V-STOL Aircraft Corporation
- Company type: Privately held company
- Industry: Aerospace
- Fate: Out of business
- Headquarters: Fort Myers, Florida, United States
- Key people: CEO: Dick Turner
- Products: Kit aircraft
- Owner: Venezuela STOL Aircraft C.A.

= V-STOL Aircraft Corporation =

V-STOL Aircraft Corporation (sometimes written VSTOL Aircraft Corporation) was an aircraft manufacturer based in Fort Myers, Florida, United States. The company was owned by Venezuela STOL Aircraft C.A. and specialized in the design and manufacture of STOL kit aircraft for the North American market.

==History==
The company was founded by Dick Turner as a subsidiary of Venezuela STOL Aircraft. V-STOL Aircraft Corporation carried out prototype and development work in Florida and produced small aircraft orders there, while main production was located in Caracas.

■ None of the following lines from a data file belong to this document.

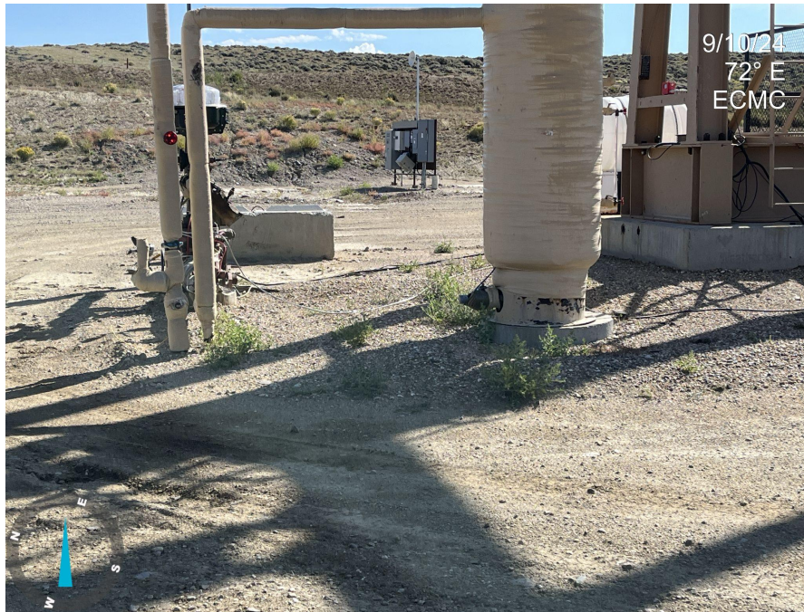
Photo 11. Photo taken from the western working pad surface, facing east. Photo illustrates weeds at the wellhead.
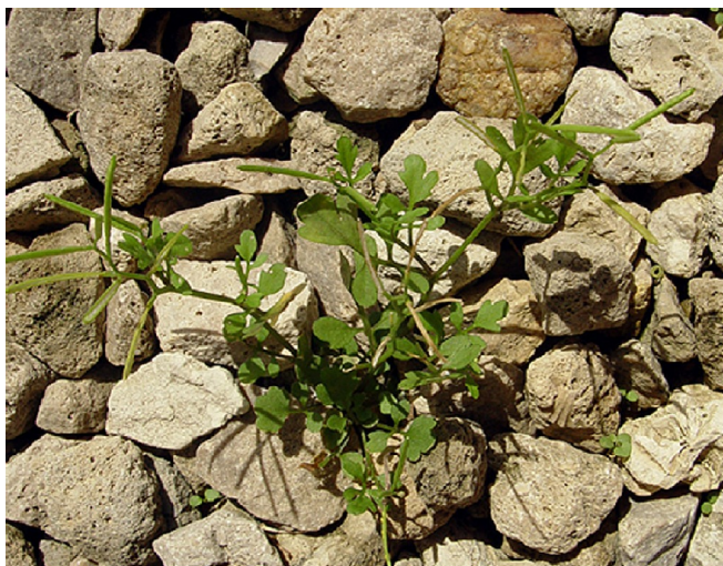
Figure 1. Hairy bittercress in a gravel bed.

Container nursery growers frequently cite bittercress as one of their more common weed problems. Not only is it a weed concern, but bittercress can harbor insect pests.
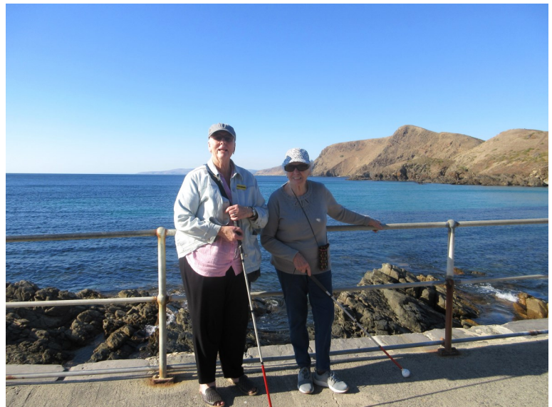
Overnight Trip to Normanville
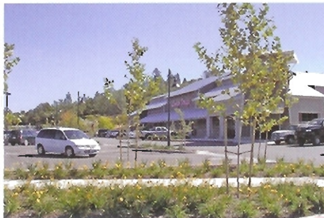
Higgins Corner, Nevada County, CA.
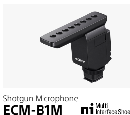
Shotgun Microphone ECM-B1M Multi Interface Shoe
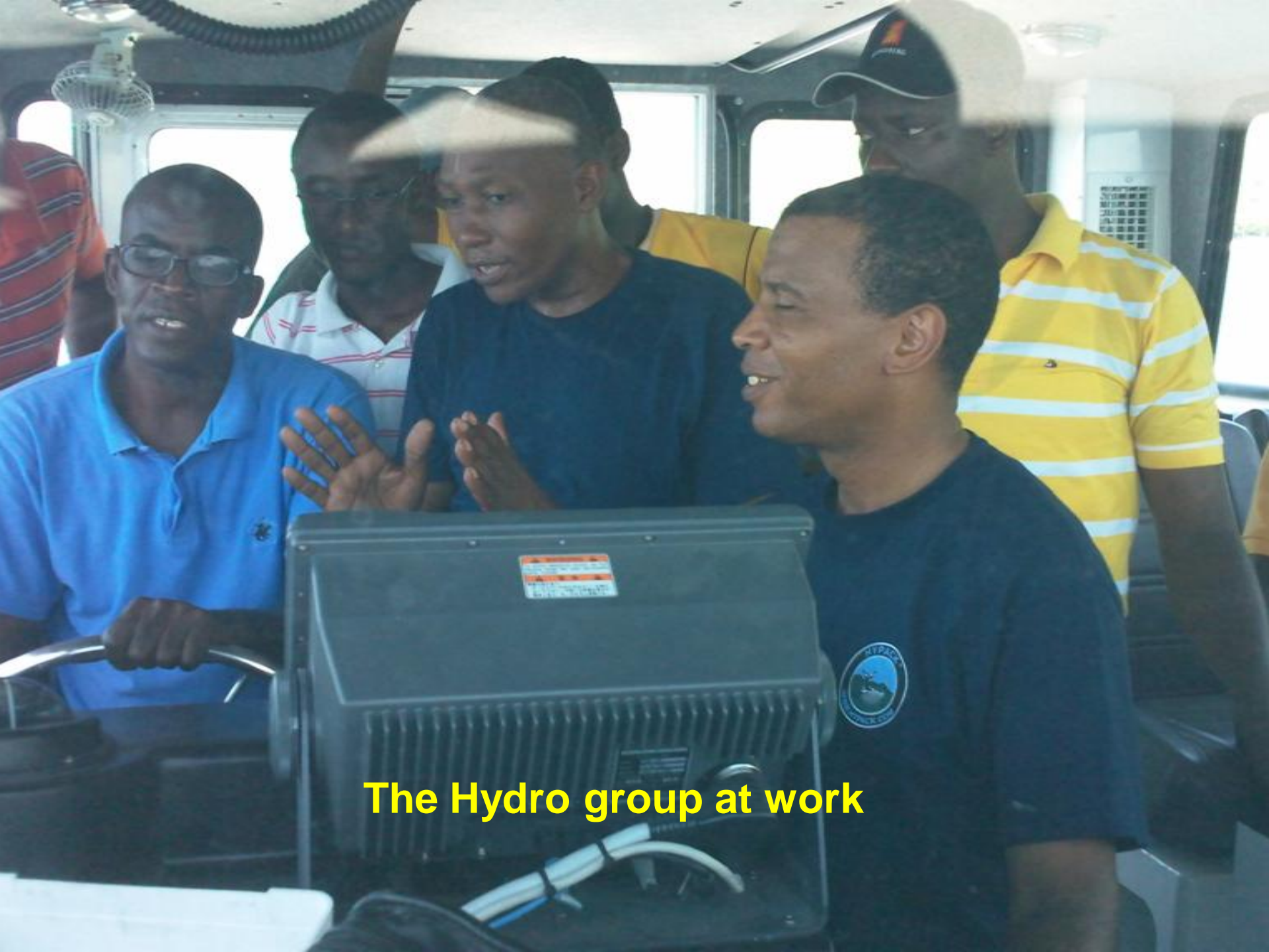
The Hydro group at work
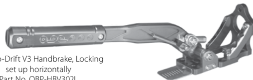
obp Pro-Drift V3 Handbrake, Locking set up horizontally Part No. OBP-HBV302L

V3 Hydraulic Handbrake, Non-Locking ..... Part No. OBP-HBV302 .....$409.99 V3 Hydraulic Handbrake, Locking ..... Part No. OBP-HBV302L .....$429.99 The V3 handle adjusts from 320mm to 380mm (12.6" - 15").
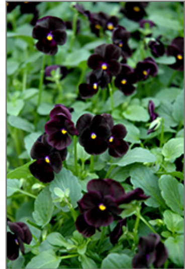
Sorbet Black Delight Pansy flowers

Sorbet Black Delight Pansy is recommended for the following landscape applications;

Venezuela STOL Aircraft also produced the Venezuela STOL XC Aglite agricultural aircraft based on V-STOL designs for the South American market and other developing nations.

V-STOL Aircraft was preceded by Turner's earlier company, Starflight Manufacturing Inc, which was a pioneering ultralight manufacturer founded in 1980. That company produced the Starflight TriStar and the Starflight DBL, the first tandem-seat ultralight trainer. Those designs provided the basis for later V-STOL Aircraft models.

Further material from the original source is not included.